Learning Adobe Premiere
Posted by markhwebster on February 25th, 2013 • 0 Comments • Full Article
I’ve bounced back into video. I took two sound recorders and 3 video cameras down to dads and recorded a live interview of he and I talking about family history.
I did three 10 minute segments. In each segment, I created 5 files:
- Canon 7D video *.mov
- Canon T3I video *.mov
- Sony RX-100 video *.mts (AVCHD)
- Tascam DR-40 audio *.wav
- Zoom H4N audio *.wav
I also had two studio lights and 3 tripods. And I had no help at all. Lisa and Sue were there, but they left to go shopping, so it was just me and dad.
I knew I’d mess up something and it turned out to be the white balance, and a memory card that was too small, both in the Canon T3i. It was a borrowed camera. I’d never used it before. I’d set the white balance to tungsten for stills, but you have to set it separately for video…who knew?
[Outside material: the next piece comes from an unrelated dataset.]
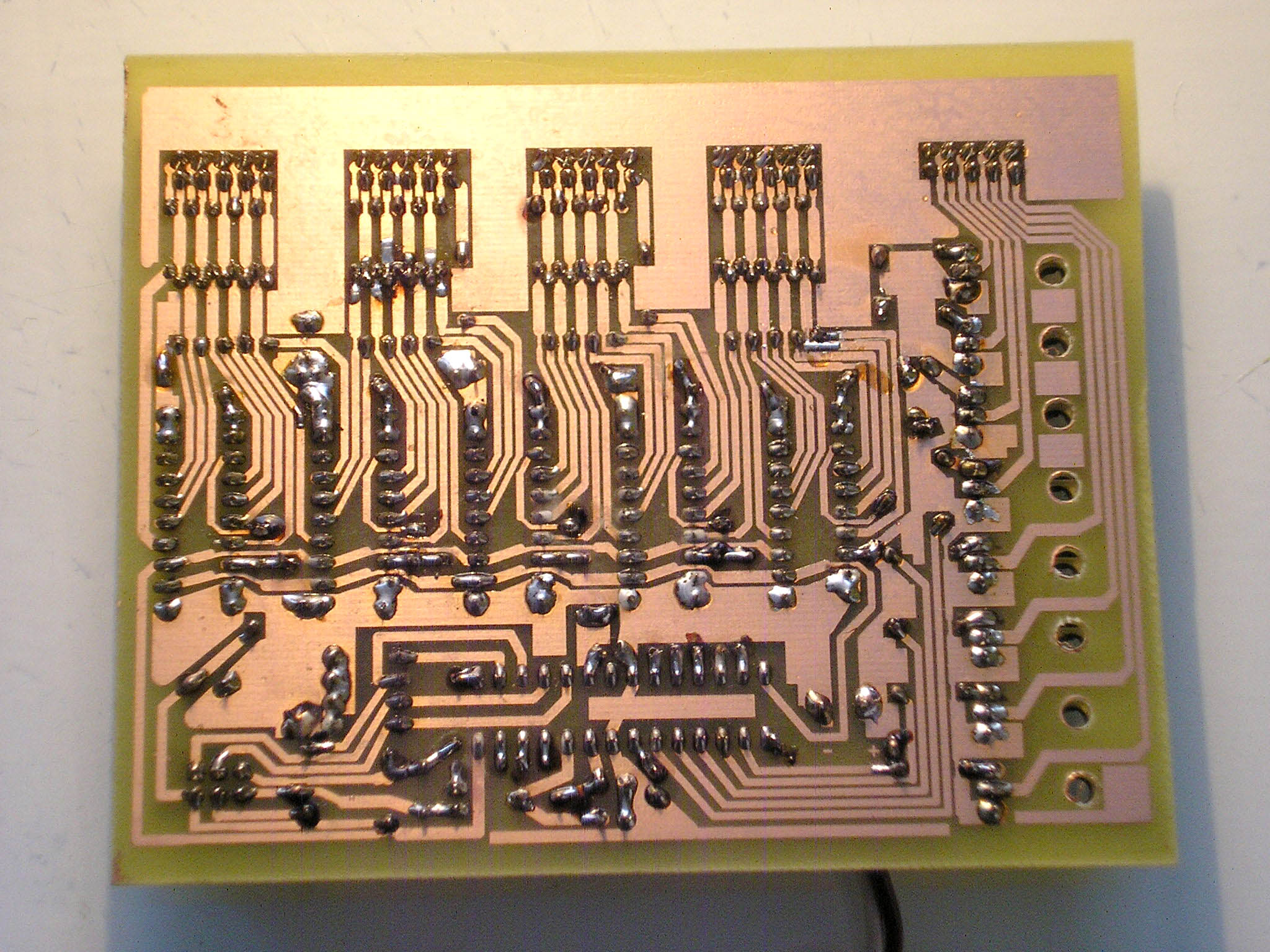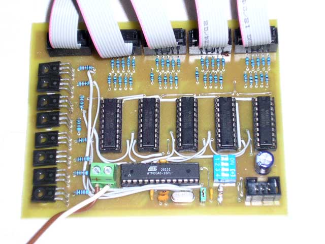 Fitting: I did not avoid some wire jumpers when designing the PCB. But I tried to design in such a way that the jumpers could be replaced by the other side of the double-sided PCB. As I mentioned before, transistors do not heat up and therefore can be placed directly on the PCB (without cooling). The shift registers should be in sockets - it can be assumed that some electrostatics will break through the output and some circuit will need to be replaced (that's why I didn't consider SMD). The resistors on the outputs of the shift registers must be power. I don't have a PCB segment fitting (I didn't do it in Eagle), but you can certainly recognize that.

And the card was too small. It maxed out on the third video.
I spent all day Saturday editing video. Man, I need a faster computer if I’m going to get serious about DSLR video. These 1920 x 1080 video files are huge! My poor old laptop takes 4 hours to render a 8 minute video. Thats rendering it out to 1280 x 720.
All the numbers in video are confusing. 1080p, 720p, megabits per second, progressive vs interlaced. I have very little idea what it all means.
We skied Stevens today (Sue, me, Lisa and Tim). The snow was just barely ok. I climbed at Vantage last weekend with Ritchie, Laurel and Daphne. For the two weekends before that I climbed at Index one day. I’ve been struggling with a chronic sprain in my bicep. But my ankle is a lot better…almost normal.
At work I’ve been creating a 3 week lesson on animated banner ads in Flash. It’s something I’ve wanted to teach for years, and I just figured out how to do it recently. No one teaches this stuff, or, not targeted and tight like I want it taught. So I recorded it in Camtashia, as 3 one hour lessons. It took me 2 weeks of research and testing to figure it all out, before I could create the lesson.